* [What you have to do] Set down all of the entries below word for word, with the pictures left out.

* [Dataset content]
>>>>>

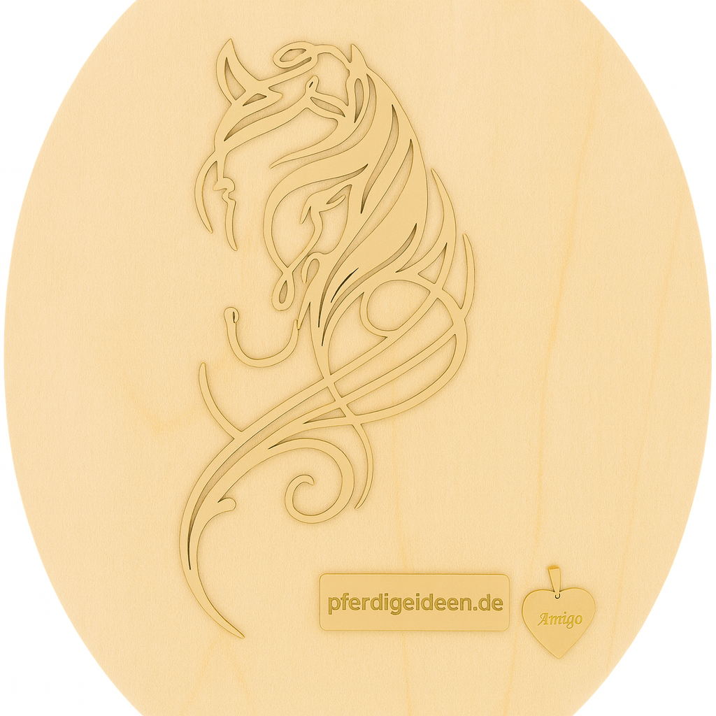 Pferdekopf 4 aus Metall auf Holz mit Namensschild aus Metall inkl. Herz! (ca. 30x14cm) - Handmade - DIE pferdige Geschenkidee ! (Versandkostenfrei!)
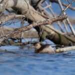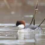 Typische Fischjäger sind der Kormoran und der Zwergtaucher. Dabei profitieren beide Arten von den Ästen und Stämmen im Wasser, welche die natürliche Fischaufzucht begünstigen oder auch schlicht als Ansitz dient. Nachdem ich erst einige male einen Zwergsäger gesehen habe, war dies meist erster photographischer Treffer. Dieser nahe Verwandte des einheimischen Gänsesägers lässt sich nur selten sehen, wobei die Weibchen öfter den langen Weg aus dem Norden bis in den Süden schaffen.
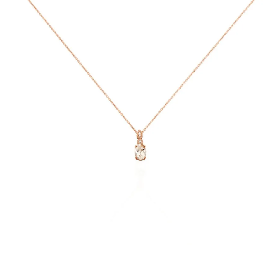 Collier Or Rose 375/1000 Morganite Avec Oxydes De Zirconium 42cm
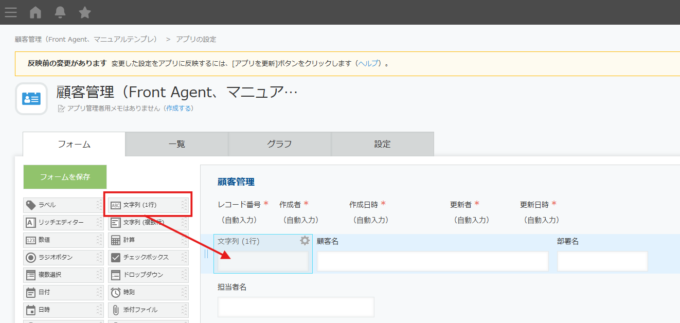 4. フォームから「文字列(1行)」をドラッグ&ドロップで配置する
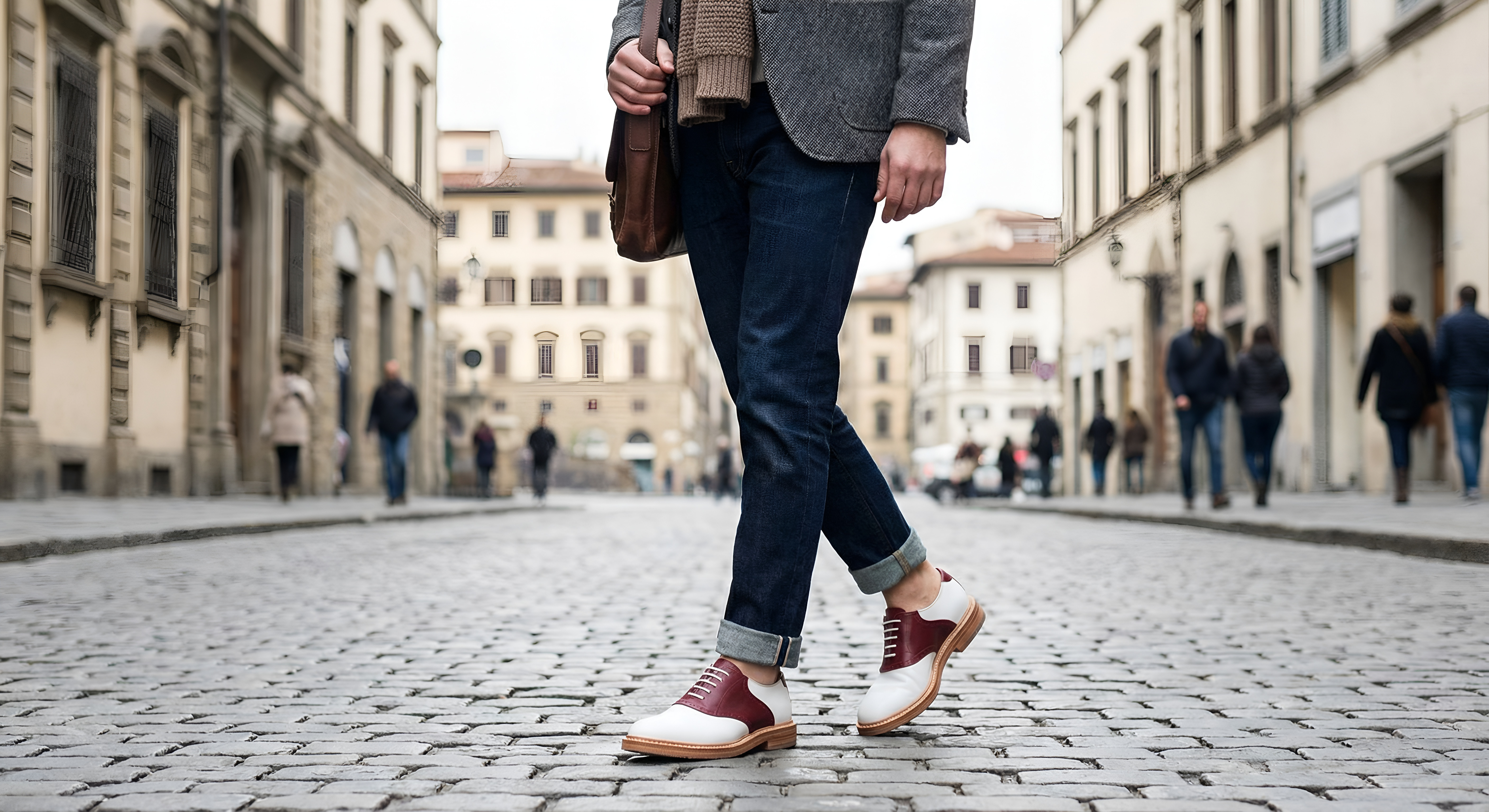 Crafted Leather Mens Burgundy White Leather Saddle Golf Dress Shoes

<<<<<

* [Response box]
 Pferdekopf 4 aus Metall auf Holz mit Namensschild aus Metall inkl. Herz! (ca. 30x14cm) - Handmade - DIE pferdige Geschenkidee ! (Versandkostenfrei!)
 Typische Fischjäger sind der Kormoran und der Zwergtaucher. Dabei profitieren beide Arten von den Ästen und Stämmen im Wasser, welche die natürliche Fischaufzucht begünstigen oder auch schlicht als Ansitz dient. Nachdem ich erst einige male einen Zwergsäger gesehen habe, war dies meist erster photographischer Treffer. Dieser nahe Verwandte des einheimischen Gänsesägers lässt sich nur selten sehen, wobei die Weibchen öfter den langen Weg aus dem Norden bis in den Süden schaffen.
 Collier Or Rose 375/1000 Morganite Avec Oxydes De Zirconium 42cm
 4. フォームから「文字列(1行)」をドラッグ&ドロップで配置する
 Crafted Leather Mens Burgundy White Leather Saddle Golf Dress Shoes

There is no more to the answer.